Fallback default server sharing cert information about other domains than for the URL you visit ?
Reinis Rozitis
r at roze.lv
Fri Aug 9 18:14:05 UTC 2019
> > Just for testing purposes (if possible) you could either add the IP to
> > both listen directives or remove the ip part from the full-domain
> > server {} block to see if it changes anything.
>
> Hm. That doesn't really make sense to me.
>
> This server has multiple IPs. The hosted server needs to respond on a specific IP,
> so it needs the specific IP.
>
> The fallback is supposed to work for all "whenever it doesn't match" cases, so it
> doesn't get an IP, right?
Yes and no the 'default' fallback works for particular 'address:port' and listen ip:443 seems to be different than just listen 443;
Out of personal interest I spun up an instance to replicate your setup and it kind of confirms my suspicion:
If you have:
server {
listen 443 ssl http2;
ssl_certificate realdomain.crt;
ssl_certificate_key realdomain.key;
server_name realdomain;
return 403;
}
server {
listen 443 ssl http2 default;
ssl_certificate dummy.crt;
ssl_certificate_key dummy.key;
server_name _;
return 402;
}
Everything works as expected - you get first server for https://realdomain and dummy cert for anything else.

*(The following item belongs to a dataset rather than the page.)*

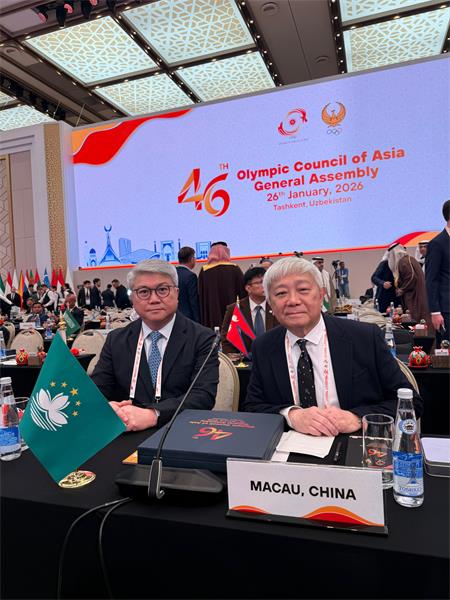 【本報訊】亞奧理事會(OCA)於2026126日在烏茲別克 - 塔什幹舉行了“第四十六次會員大會”。中國澳門體育暨奧林匹克委員會主席陳澤武及副主席潘永權代表出席大會。

The moment you change the first listen to listen real.ip:443 ssl http2; the 'default_server' doesn't work anymore and you always get the 'realdomain' certificate (and also the test 403 response) for nondefined subdomain requests and the order of server {} block
The workaround I found is then is to also define a dummy listen ip:port for the catch server then the real certificate is not "leaked" in random requests:
server {
listen real.ip:443 ssl http2 default;
ssl_certificate dummy.crt;
.....
}
Unless there are (old) clients which don't support SNI (server name indication) in general specifying the IP only on dns-level and using just 'listen 443 will make the configuration more simple.